- DATA TO EXAMINE:
▼

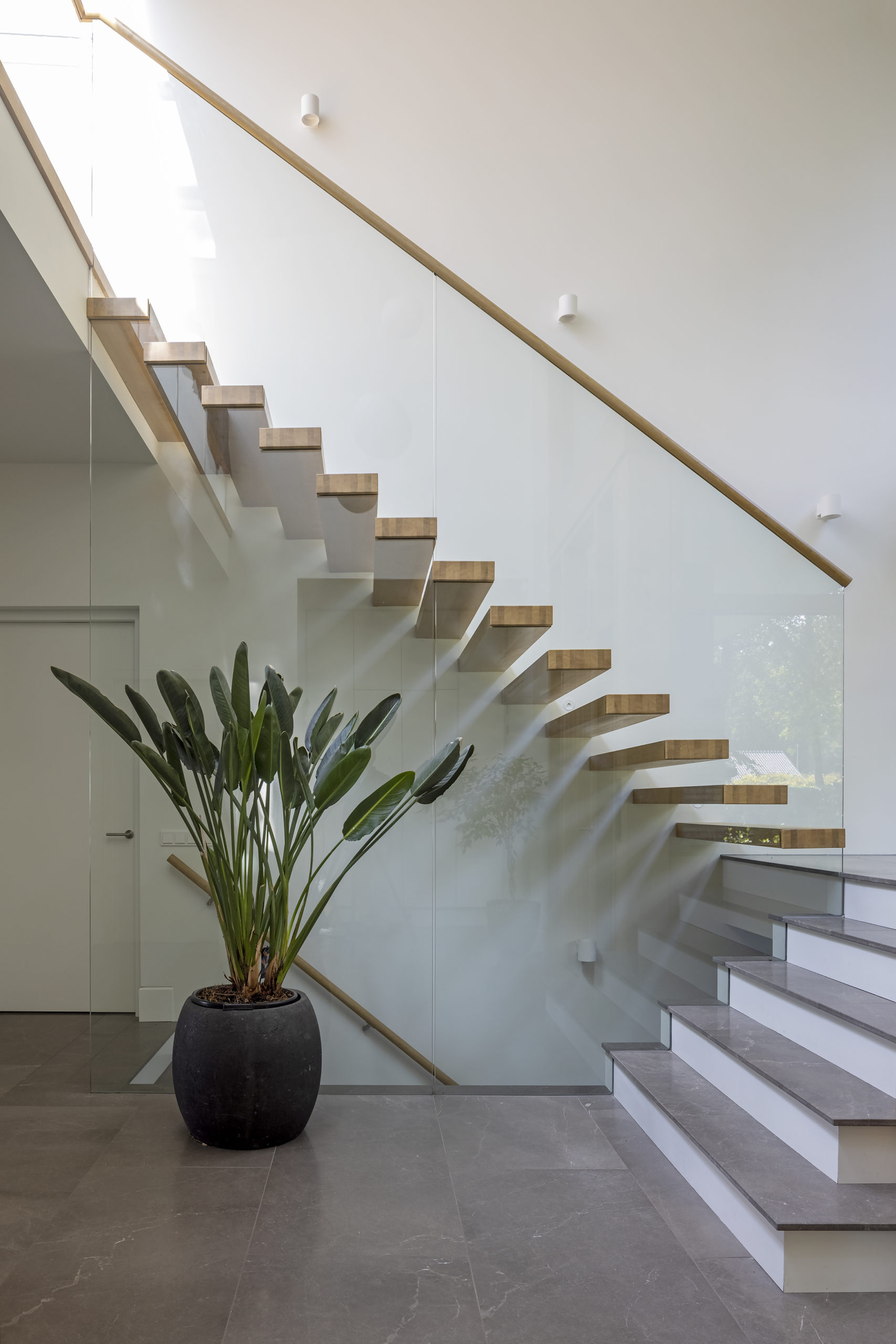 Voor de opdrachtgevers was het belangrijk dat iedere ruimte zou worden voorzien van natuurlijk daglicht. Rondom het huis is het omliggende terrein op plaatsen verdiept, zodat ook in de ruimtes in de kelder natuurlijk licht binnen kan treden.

▲
▼

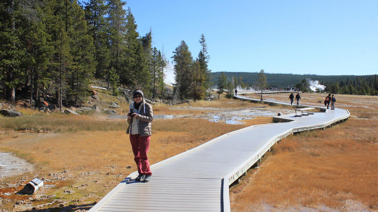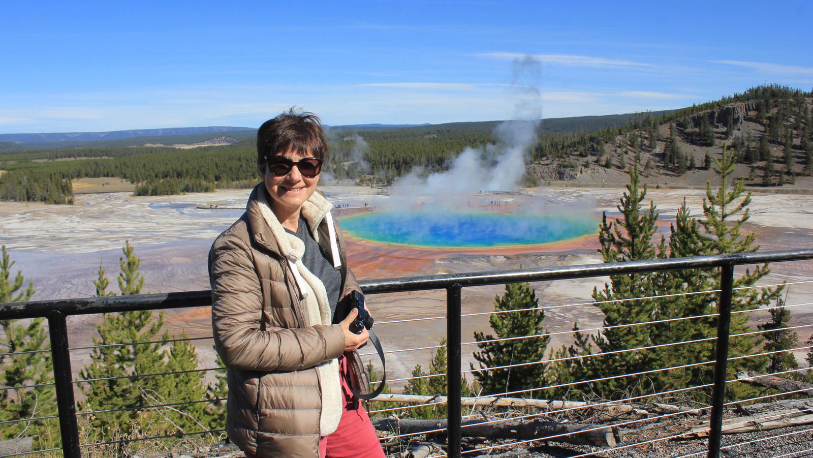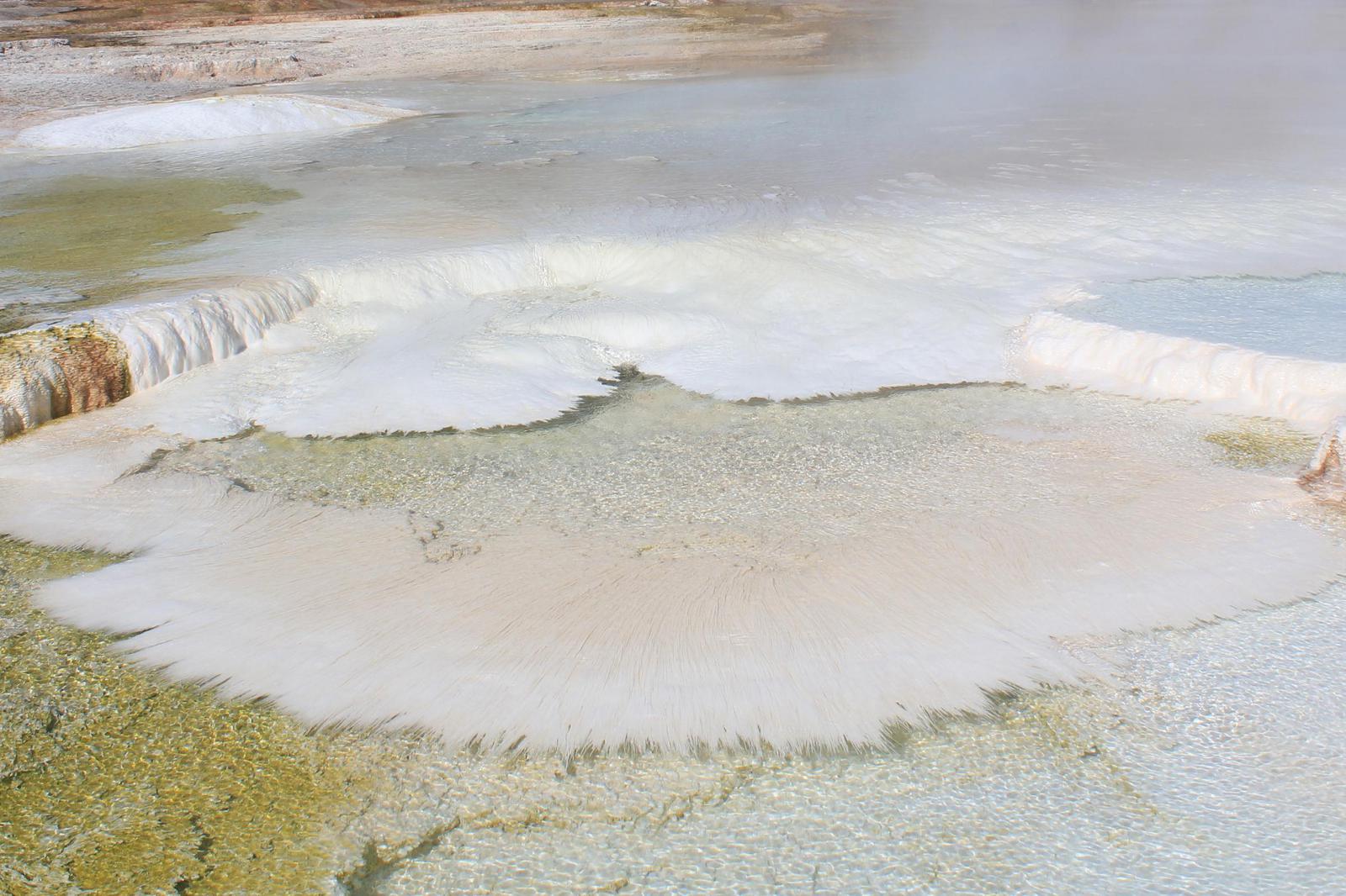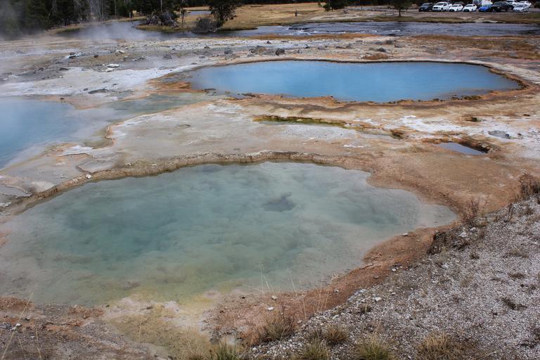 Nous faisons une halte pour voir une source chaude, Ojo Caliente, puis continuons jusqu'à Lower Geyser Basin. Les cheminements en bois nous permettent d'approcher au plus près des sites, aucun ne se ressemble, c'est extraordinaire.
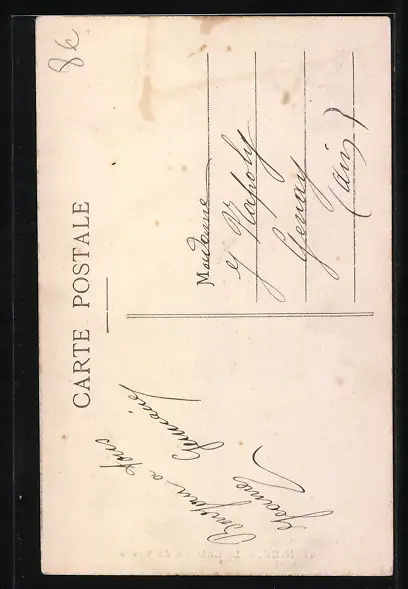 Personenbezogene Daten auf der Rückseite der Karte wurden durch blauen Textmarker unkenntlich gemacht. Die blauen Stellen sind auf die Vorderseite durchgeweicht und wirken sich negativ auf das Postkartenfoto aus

▲

- WHAT TO DO: From the records above, give again only the part that opens with the line containing "Nous faisons une" and closes with the line containing "Personenbezogene Daten auf". Keep both ends but drop the pictures.

- RESULT BELOW:
 Nous faisons une halte pour voir une source chaude, Ojo Caliente, puis continuons jusqu'à Lower Geyser Basin. Les cheminements en bois nous permettent d'approcher au plus près des sites, aucun ne se ressemble, c'est extraordinaire.
 Personenbezogene Daten auf der Rückseite der Karte wurden durch blauen Textmarker unkenntlich gemacht. Die blauen Stellen sind auf die Vorderseite durchgeweicht und wirken sich negativ auf das Postkartenfoto aus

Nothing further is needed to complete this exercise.